To be protected by the whistleblowing legislation, a worker must have made a "qualifying disclosure". This is any disclosure of information which, in the reasonable belief of the worker making the disclosure, is made in the public interest and tends to show one or more of a list of acts of wrongdoing. This list includes a concern that a person has failed, is failing or is likely to fail to comply with any legal obligation to which they are subject.

As we reported here previously, Mr Ibrahim was an interpreter in a private hospital. He asked his manager to investigate rumours circulating among patients and their families that he was responsible for breaches of patient confidentiality so that he could "clear his name". He also complained that colleagues had been slandering him. After investigation, his complaint was rejected. He was later dismissed and claimed (among other things) that his complaint had been a whistleblowing allegation, and that he had been dismissed for having made the complaint.

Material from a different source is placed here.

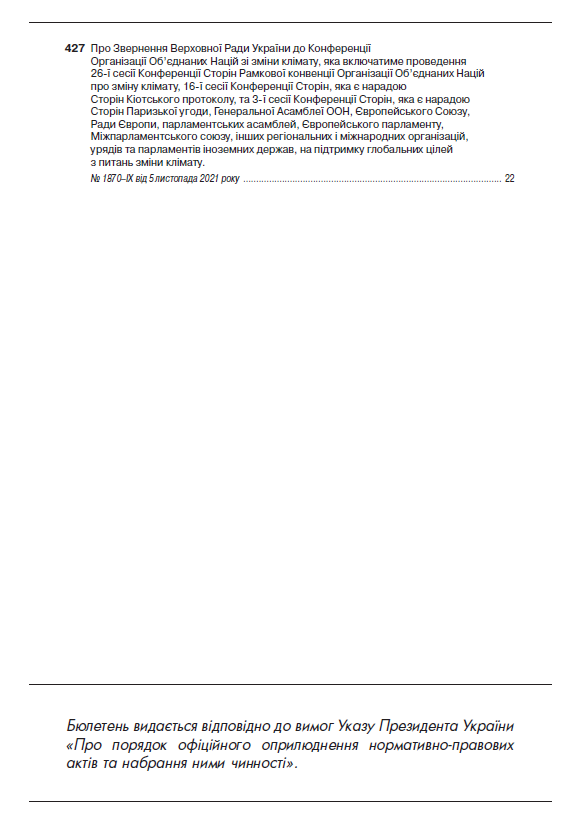 Окрім того, у Відомостях опубліковані Постанови Верховної Ради, якими затверджено висновки та пропозиції до проекту Закону України про Державний бюджет України на 2022 рік (№ 1837–IХ) і Звернення Верховної Ради України до Конференції Організації Об’єднаних Націй зі зміни клімату, яка включатиме проведення 26-ї сесії Конференції Сторін Рамкової конвенції Організації Об’єднаних Націй про зміну клімату, 16-ї сесії Конференції Сторін, яка є нарадою Сторін Кіотського протоколу, та 3-ї сесії Конференції Сторін, яка є нарадою Сторін Паризької угоди, Генеральної Асамблеї ООН, Європейського Союзу, Ради Європи, парламентських асамблей, Європейського парламенту, Міжпарламентського союзу, інших регіональних і міжнародних організацій, урядів та парламентів іноземних держав, на підтримку глобальних цілей з питань зміни клімату (№ 1870–IХ).

The employment tribunal dismissed his whistleblowing claim. One of the grounds for doing so was that his disclosures were not made in the public interest: Mr Ibrahim had made the complaint with a view to clearing his name and re-stablishing his reputation. Mr Ibrahim appealed to the EAT which held that the tribunal had permissibly concluded, as a matter of fact, that Mr Ibrahim did not have a subjective belief that his complaint was in the public interest and that he was not therefore protected as a whistleblower.

Mr Ibrahim appealed to the Court of Appeal on the ground that the tribunal had not applied the correct two stages of the public interest test, which is a) whether the claimant genuinely believed, at the time of making a disclosure, that it was in the public interest and b) if so, whether that the belief was reasonable. This two-stage test was set out for the first time in the case of Chesterton Global Ltd v Nurmohamed, which was handed down by the Court of Appeal after the...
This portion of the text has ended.